We use the example of two simple dice and simulate rolling the dice with the random number generator in NumPy ```np.random.choice``` that returns one of the numbers listed in the arguments randomly.
%% Cell type:code id: tags:
```
import numpy as np
import matplotlib.pyplot as plt
import seaborn as sns
```
%% Cell type:markdown id: tags:
# Two (simple) Dice
Imagine we have two six-sided dice and roll them.
If we either roll them one after the the other, or both at the same time:
In either case we expect that each number appears with the same frequency and that there is no dependency between them.
Now we do the same thing but only record the numbers if one of the dice shows either a 5 or a 6.
%% Cell type:code id: tags:
```
dice_1 = []
dice_2 = []
for i in (np.arange(n_random)):
d_1 = np.random.choice([1,2,3,4,5,6], 1)
d_2 = np.random.choice([1,2,3,4,5,6], 1)
if d_1 == 5 or d_1 == 6 or d_2 == 5 or d_2 == 6:
dice_1.append(d_1[0])
dice_2.append(d_2[0])
```
%% Cell type:markdown id: tags:
Now we compute the correlation between the two set of numbers.
Now we compute the correlation between the two sets of numbers.
The two numbers are now strongly correlated.
This is not surprising, because we changed the way we recorded the data:
We only record the outcomes of the two dice if one of them shows a 5 or a 6.
Hence, we expect that we observe these two numbers in the final set of recorded values much more frequently than any other value - and we do see this in the plot below.
All other numbers occur as well - but we do not observe them as frequently as we see the numbers 5 and 6.

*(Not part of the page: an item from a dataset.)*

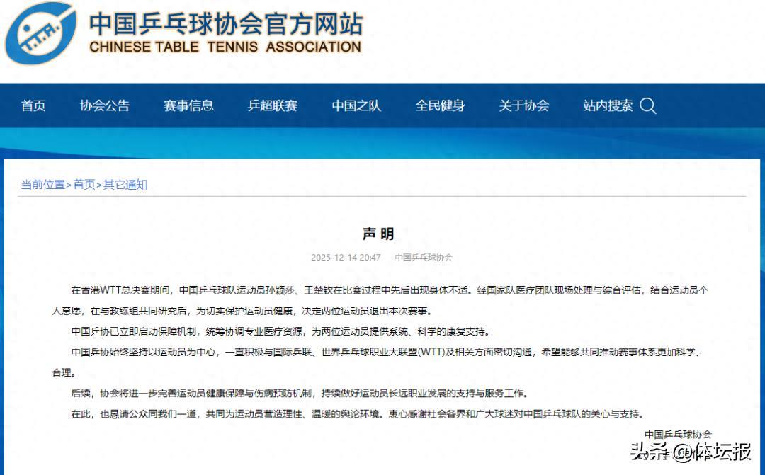 12月14日晚,中國乒乓球協會在官網發佈聲明,對國乒隊員孫穎莎、王楚欽在世界乒乓球職業大聯盟(WTT)香港總決賽期間因身體不適退賽作出回應,表示將進一步完善運動員健康保障與傷病預防機制,持續做好運動員長遠職業發展的支持與服務工作。

When we think about this in the sequence: We change the way we record the data, and then we observe a change in the outcome, it seems obvious what is happening and why.
However, in other situations, we start from a very different premise:
We obtain the data (or are given the data) and we may not know the data were acquired,
For example, imagine the task of a (novice) data scientist who is given the data we have generated above and is tasked with building a prediction model or using machine learning based on these data. In this case, we would easily conclude that the two variables are correlated and have a distribution skewed to high values.
With our knowledge "behind the scenes" we know that these effects are just artefacts from the way we obtain the data.
This highlights the importance of understanding not only where the data we use comes from, but also how it was recorded and which potential issues may arise from this setup.